MTV Pulse
- Country: France
- Broadcast area: France, Belgium, Switzerland, Luxembourg

Programming
- Language: French
- Picture format: 16:9, 576i (SDTV) 16:9, 1080i (HDTV)

Ownership
- Owner: Viacom International Media Networks Europe
- Sister channels: MTV MTV Base MTV Idol BET Nickelodeon Nickelodeon Junior Nickelodeon 4Teen Game One Game One Music J-One Paramount Channel

History
- Launched: 30 November 2005; 20 years ago
- Closed: 17 November 2015; 10 years ago
- Replaced by: MTV Hits

= MTV Pulse (France) =

Musical pop and rock television channel

MTV Pulse was a musical pop/rock television channel owned by MTV Networks France, launched in November 2005 only for France, dedicated to young adult (15–35 years) audience. MTV Pulse broadcast pop and rock music videos (also metal, punk, soul, alternative rock, etc.), live performances, interviews and special programs entirely dedicated to this musical universe.

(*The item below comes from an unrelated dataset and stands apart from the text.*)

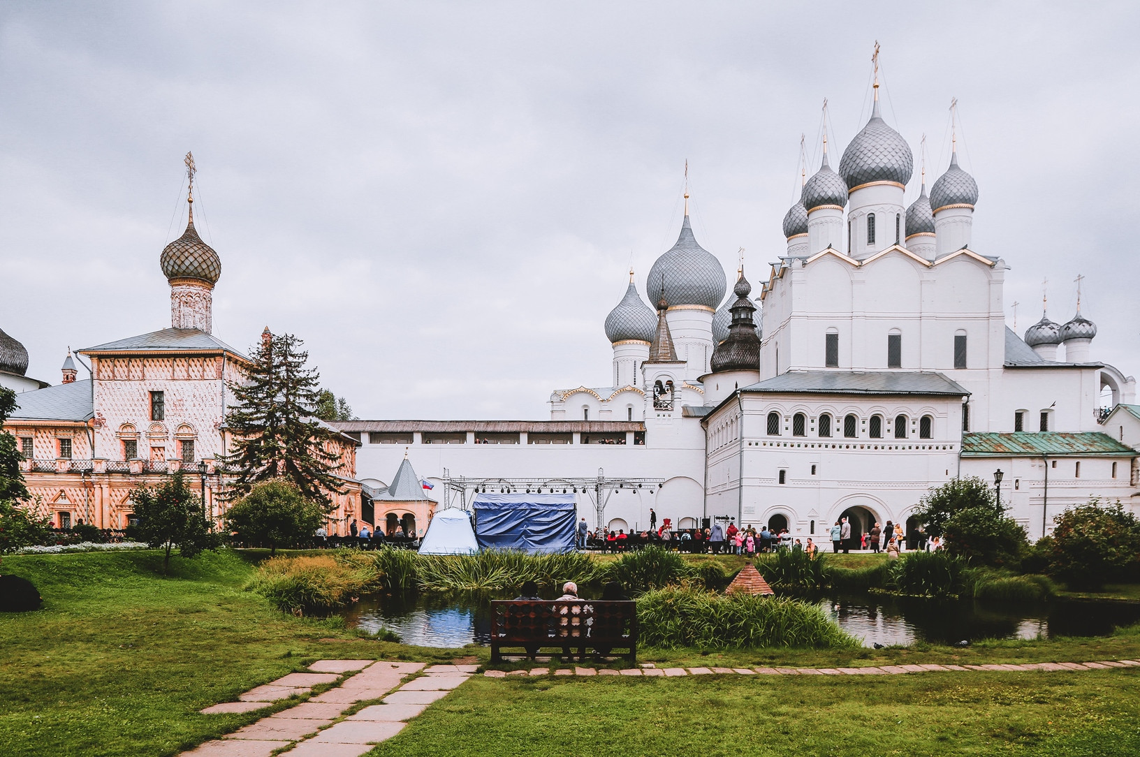 Хотя название «Гамлет» первым произнес главный режиссер «Театра на Покровке» Геннадий Шапошников — переходы и башни Ростовского кремля вдруг навели его на мысль об Эльсиноре, и они с Волосниковым принялись за работу. И вот, наконец, настал час «Ч", все репетиции позади, зрители стремительно заполняют архиерейский двор: пришедшие пораньше успели занять стулья, остальные устроились — кто на ступенях церквей, кто на скамеечках у пруда, или даже прямо на земле. Установленные между церквями Воскресения и Одигитрии помосты для актеров и сцена для оркестра ждут своих героев, правда, последние не спешат… Начало мероприятия было запланировано на половину девятого, но, видимо, организаторы дожидались, пока двор накроют густые синие сумерки, в которых очертания предметов становятся расплывчаты и смутны — и всё сильнее верится, что перед тобой и впрямь Эльсинор. А византийский распев "Agios a Theos» в исполнении хора «Моисей Петрович», открывающий действие, вполне может сойти за погребальную песнь датскому правителю, под которую прямо среди зрительных рядов движется процессия вдовствующей королевы Гертруды.

The clips were broadcast in a more commercial format and from the currents of alternative music.

From April 9, 2013, the channel was available in HD.

MTV Pulse ceased broadcasting in France on 17 November 2015, along with MTV Base and MTV Idol, to be replaced by French version of MTV Hits and until the closing date of 31 December 2025.